***** Excerpted records *****
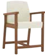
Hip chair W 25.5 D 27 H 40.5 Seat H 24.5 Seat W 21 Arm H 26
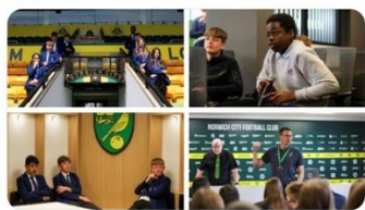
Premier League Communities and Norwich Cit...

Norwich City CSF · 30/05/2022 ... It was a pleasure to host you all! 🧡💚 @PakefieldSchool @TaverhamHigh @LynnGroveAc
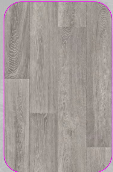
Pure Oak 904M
*****
***** Excerpted records *****
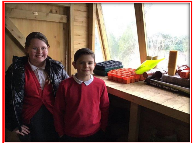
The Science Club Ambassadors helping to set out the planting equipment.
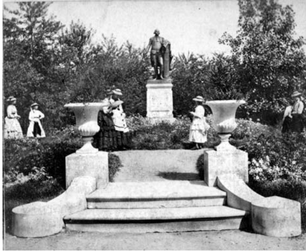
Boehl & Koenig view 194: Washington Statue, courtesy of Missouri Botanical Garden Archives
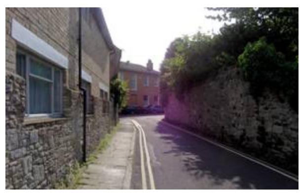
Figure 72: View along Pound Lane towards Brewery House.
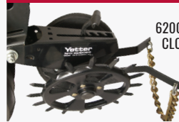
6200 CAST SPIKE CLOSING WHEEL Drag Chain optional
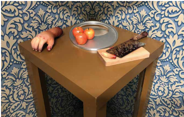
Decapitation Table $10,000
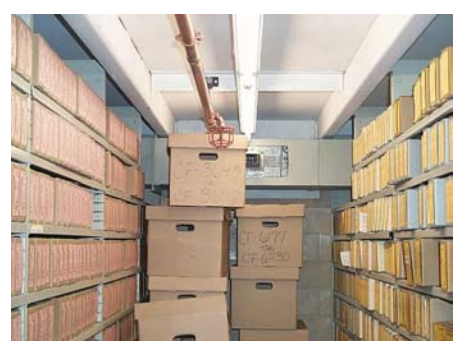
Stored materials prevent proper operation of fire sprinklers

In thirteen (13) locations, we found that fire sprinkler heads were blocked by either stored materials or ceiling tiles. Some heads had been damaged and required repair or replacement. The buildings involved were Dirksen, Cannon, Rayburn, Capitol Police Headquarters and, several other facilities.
*****
***** Excerpted records *****
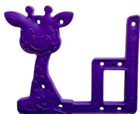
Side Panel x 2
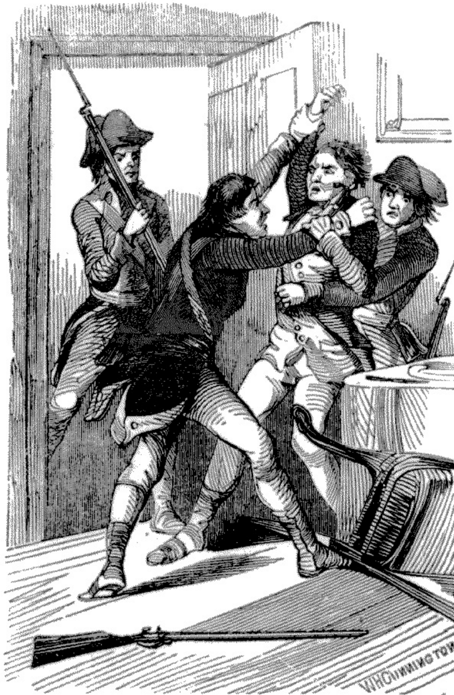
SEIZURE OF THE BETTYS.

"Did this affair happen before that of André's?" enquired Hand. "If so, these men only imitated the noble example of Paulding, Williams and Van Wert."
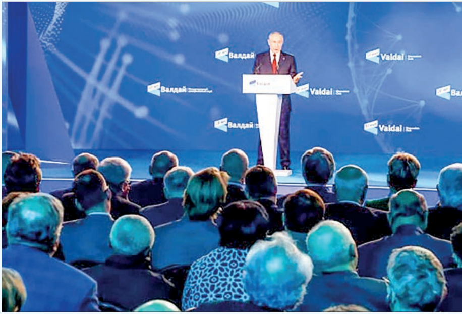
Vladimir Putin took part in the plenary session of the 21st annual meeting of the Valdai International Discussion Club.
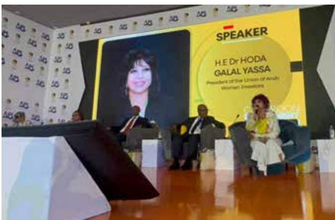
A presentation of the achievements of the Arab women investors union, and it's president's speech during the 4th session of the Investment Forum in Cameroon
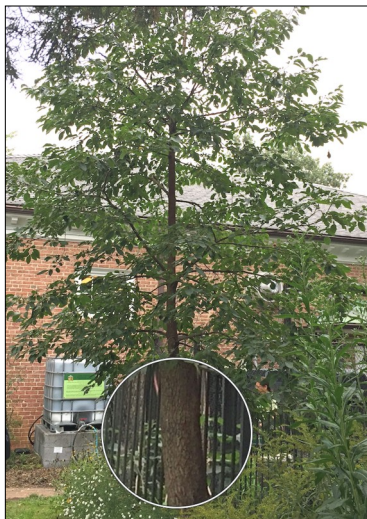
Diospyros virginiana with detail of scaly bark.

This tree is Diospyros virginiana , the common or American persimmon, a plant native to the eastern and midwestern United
*****
Task.
Nothing except the lines from the one containing "A presentation of" through the one containing "This tree is" should appear in the answer, exactly as above and without pictures.

Answer to this task.
A presentation of the achievements of the Arab women investors union, and it's president's speech during the 4th session of the Investment Forum in Cameroon
Diospyros virginiana with detail of scaly bark.

This tree is Diospyros virginiana , the common or American persimmon, a plant native to the eastern and midwestern United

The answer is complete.